Offset Storage in Kafka - committing

The Consumer.committableSource (Consumer APIConsumer API) makes it possible to commit offset positions to Kafka. Compared to auto-commit this gives exact control of when a message is considered consumed.

This is useful when “at-least-once” delivery is desired, as each message will likely be delivered one time, but in failure cases could be received more than once.

Scala
  val control =
    Consumer
      .committableSource(consumerSettings, Subscriptions.topics(topic))
      .mapAsync(10) { msg =>
        business(msg.record.key, msg.record.value).map(_ => msg.committableOffset)
      }
      .mapAsync(5)(offset => offset.commitScaladsl())
      .toMat(Sink.seq)(Keep.both)
      .mapMaterializedValue(DrainingControl.apply)
      .run()

def business(key: String, value: Array[Byte]): Future[Done] = // ???
Java
  Consumer.Control control =
      Consumer.committableSource(consumerSettings, Subscriptions.topics("topic1"))
          .mapAsync(
              1,
              msg ->
                  business(msg.record().key(), msg.record().value())
                      .thenApply(done -> msg.committableOffset()))
          .mapAsync(1, offset -> offset.commitJavadsl())
          .to(Sink.ignore())
          .run(materializer);

CompletionStage<String> business(String key, byte[] value) { // .... }

The above example uses separate mapAsync stages for processing and committing. This guarantees that for parallelism higher than 1 we will keep correct ordering of messages sent for commit.

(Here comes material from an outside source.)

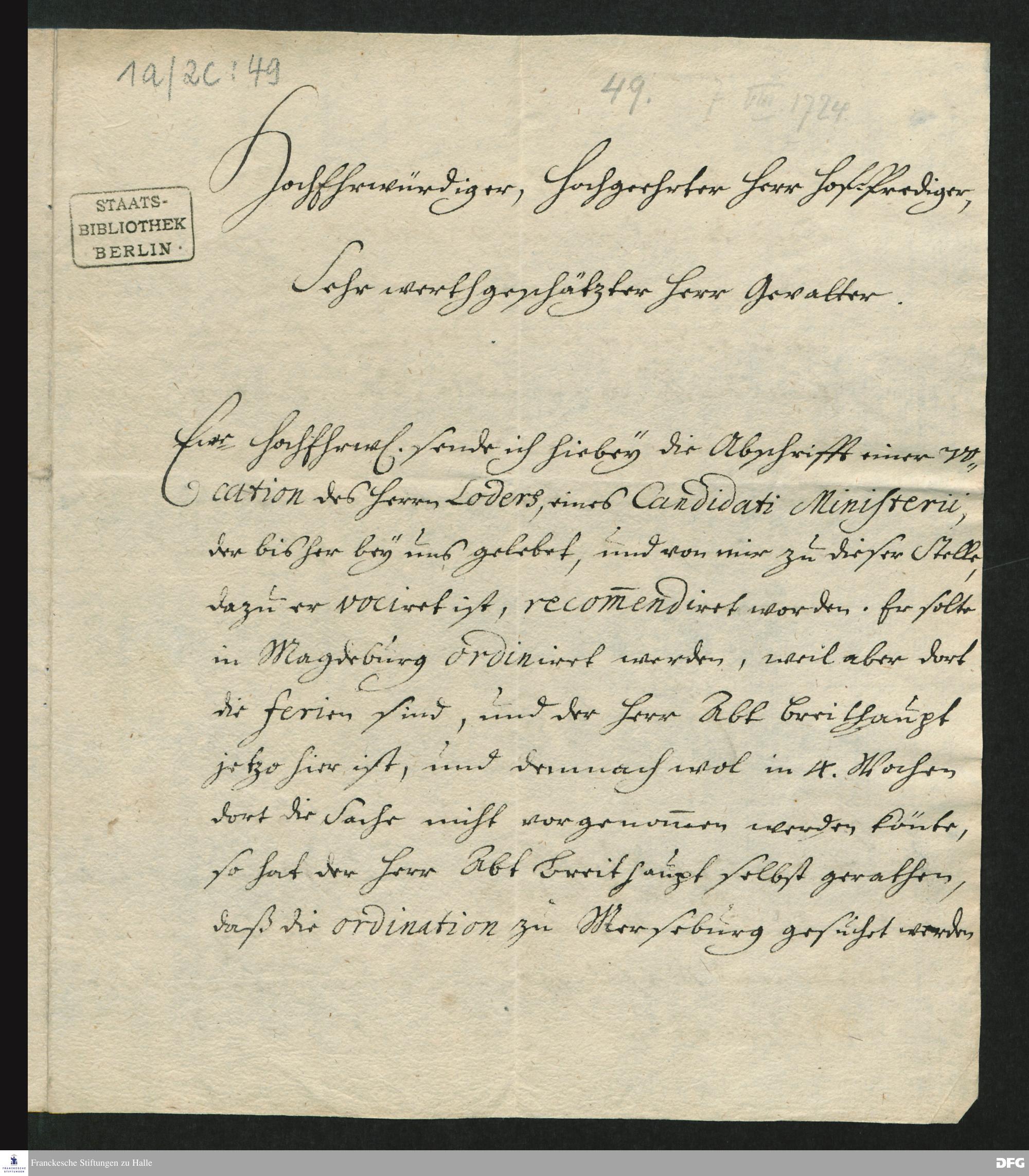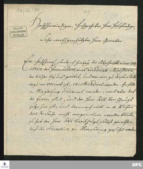 Brief von August Hermann Francke an Ernst Christian Philippi.

Committing the offset for each message as illustrated above is rather slow. It is recommended to batch the commits for better throughput, with the trade-off that more messages may be re-delivered in case of failures.

You can use a pre-defined Committer.sink to perform commits in batches:

Scala
val control =
  Consumer
    .committableSource(consumerSettings, Subscriptions.topics(topic))
    .mapAsync(1) { msg =>
      business(msg.record.key, msg.record.value)
        .map(_ => msg.committableOffset)
    }
    .toMat(Committer.sink(committerSettings))(Keep.both)
    .mapMaterializedValue(DrainingControl.apply)
    .run()
Java
Consumer.Control control =
    Consumer.committableSource(consumerSettings, Subscriptions.topics("topic1"))
        .mapAsync(
            1,
            msg ->
                business(msg.record().key(), msg.record().value())
                    .<ConsumerMessage.Committable>thenApply(done -> msg.committableOffset()))
        .to(Committer.sink(committerSettings))
        .run(materializer);

When creating a Committer.sink you need to pass in CommitterSettings (API) that defines:

  • max-batch — maximum number of messages to commit at once,
  • max-interval — maximum interval between commits.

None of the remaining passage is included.